Problem statement: Write out, word for word, the line that contains "JBEXTENSION 27 Inches" and each line after it down to the last line of the data below. Include nothing more.

[Stored records]
================

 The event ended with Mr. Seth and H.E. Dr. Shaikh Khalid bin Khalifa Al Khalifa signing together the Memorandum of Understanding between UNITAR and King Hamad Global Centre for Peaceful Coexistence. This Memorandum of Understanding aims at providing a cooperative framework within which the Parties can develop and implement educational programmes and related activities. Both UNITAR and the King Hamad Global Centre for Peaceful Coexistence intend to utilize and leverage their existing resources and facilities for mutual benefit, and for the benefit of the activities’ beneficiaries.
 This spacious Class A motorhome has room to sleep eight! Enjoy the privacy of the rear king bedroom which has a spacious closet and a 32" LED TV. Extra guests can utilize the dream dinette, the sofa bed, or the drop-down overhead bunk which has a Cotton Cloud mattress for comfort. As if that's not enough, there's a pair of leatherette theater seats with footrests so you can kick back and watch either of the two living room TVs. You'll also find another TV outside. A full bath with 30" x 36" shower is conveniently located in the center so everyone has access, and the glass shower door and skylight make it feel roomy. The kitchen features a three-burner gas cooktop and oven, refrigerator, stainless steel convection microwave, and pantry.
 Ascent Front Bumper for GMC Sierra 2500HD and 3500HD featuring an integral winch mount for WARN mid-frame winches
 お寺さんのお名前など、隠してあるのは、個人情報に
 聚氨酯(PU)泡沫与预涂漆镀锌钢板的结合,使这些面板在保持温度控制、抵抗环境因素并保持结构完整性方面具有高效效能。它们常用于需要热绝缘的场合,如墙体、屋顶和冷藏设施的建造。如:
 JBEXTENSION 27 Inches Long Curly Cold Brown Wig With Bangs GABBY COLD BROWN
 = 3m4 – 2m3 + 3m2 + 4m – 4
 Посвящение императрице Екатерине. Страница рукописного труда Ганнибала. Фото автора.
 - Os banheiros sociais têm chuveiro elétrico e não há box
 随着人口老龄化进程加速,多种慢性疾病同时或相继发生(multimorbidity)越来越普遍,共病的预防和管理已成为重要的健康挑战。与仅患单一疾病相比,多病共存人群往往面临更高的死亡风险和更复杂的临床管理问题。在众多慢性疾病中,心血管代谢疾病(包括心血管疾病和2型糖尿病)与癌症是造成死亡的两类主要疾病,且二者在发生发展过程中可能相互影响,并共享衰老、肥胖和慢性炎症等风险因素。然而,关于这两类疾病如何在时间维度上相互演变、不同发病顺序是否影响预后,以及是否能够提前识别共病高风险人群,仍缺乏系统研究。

================

Answer box:
 JBEXTENSION 27 Inches Long Curly Cold Brown Wig With Bangs GABBY COLD BROWN
 = 3m4 – 2m3 + 3m2 + 4m – 4
 Посвящение императрице Екатерине. Страница рукописного труда Ганнибала. Фото автора.
 - Os banheiros sociais têm chuveiro elétrico e não há box
 随着人口老龄化进程加速,多种慢性疾病同时或相继发生(multimorbidity)越来越普遍,共病的预防和管理已成为重要的健康挑战。与仅患单一疾病相比,多病共存人群往往面临更高的死亡风险和更复杂的临床管理问题。在众多慢性疾病中,心血管代谢疾病(包括心血管疾病和2型糖尿病)与癌症是造成死亡的两类主要疾病,且二者在发生发展过程中可能相互影响,并共享衰老、肥胖和慢性炎症等风险因素。然而,关于这两类疾病如何在时间维度上相互演变、不同发病顺序是否影响预后,以及是否能够提前识别共病高风险人群,仍缺乏系统研究。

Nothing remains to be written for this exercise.